The language in DoorDash's public-facing missive was more forceful. "As we have repeatedly made clear in recent months, the ill-conceived, extreme minimum pay rate for food delivery workers in New York City will have significant consequences for everyone who uses our platform," the statement said. "Dashers who deliver in NYC will now earn at least $29.93 per hour of active time, nearly twice NYC’s $15 minimum wage for other workers." (As the Verge pointed out, this calculation is higher than the actual, mandated raise, because DoorDash only pays its workers for the time they're actively making a delivery.) DoorDash also announced that it's pausing a program that gives drivers with higher ratings priority access to more lucrative deliveries. "We expect to have to make more changes to the platform over the coming months as we evaluate the impact of the NYC requirements," the platform said in its work-facing FAQ. "Look out for more messages on how this impacts your dashing experience."

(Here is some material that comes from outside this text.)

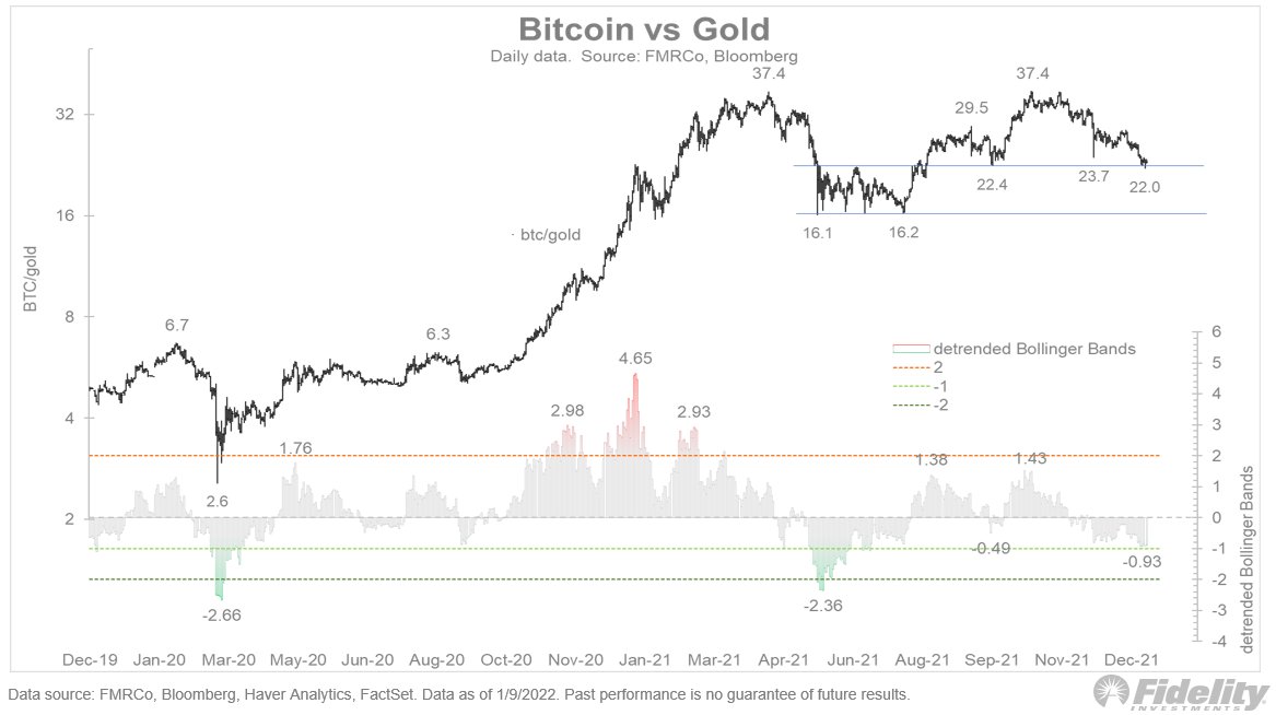 Bitcoin also appears oversold, albeit “moderately,” regarding its price-performance against gold. As Timmer noted, the so-called BTC/Gold ratio has slipped to support at 22 after topping out twice at 37.4 in 2021.

It makes sense that DoorDash and other companies are salty—they just lost the minimum wage battle after around six months of lawsuits trying to block the legislation codifying this pay raise. A judge ruled against Uber, DoorDash, and GrubHub in September, and their final attempt and appeal failed last Thursday when an appeals court upheld the law, locking in the wage hike.

So don't let DoorDash's sneaky tip reformatting fool you. Next time you're choking down a breakfast burrito the day after a punishingly fun night out or inhaling sushi during your five-minute break between meetings, take 10 seconds to reopen DoorDash and tip the person who brought you your food—because nothing tastes as good as sticking it to an exploitative employer feels.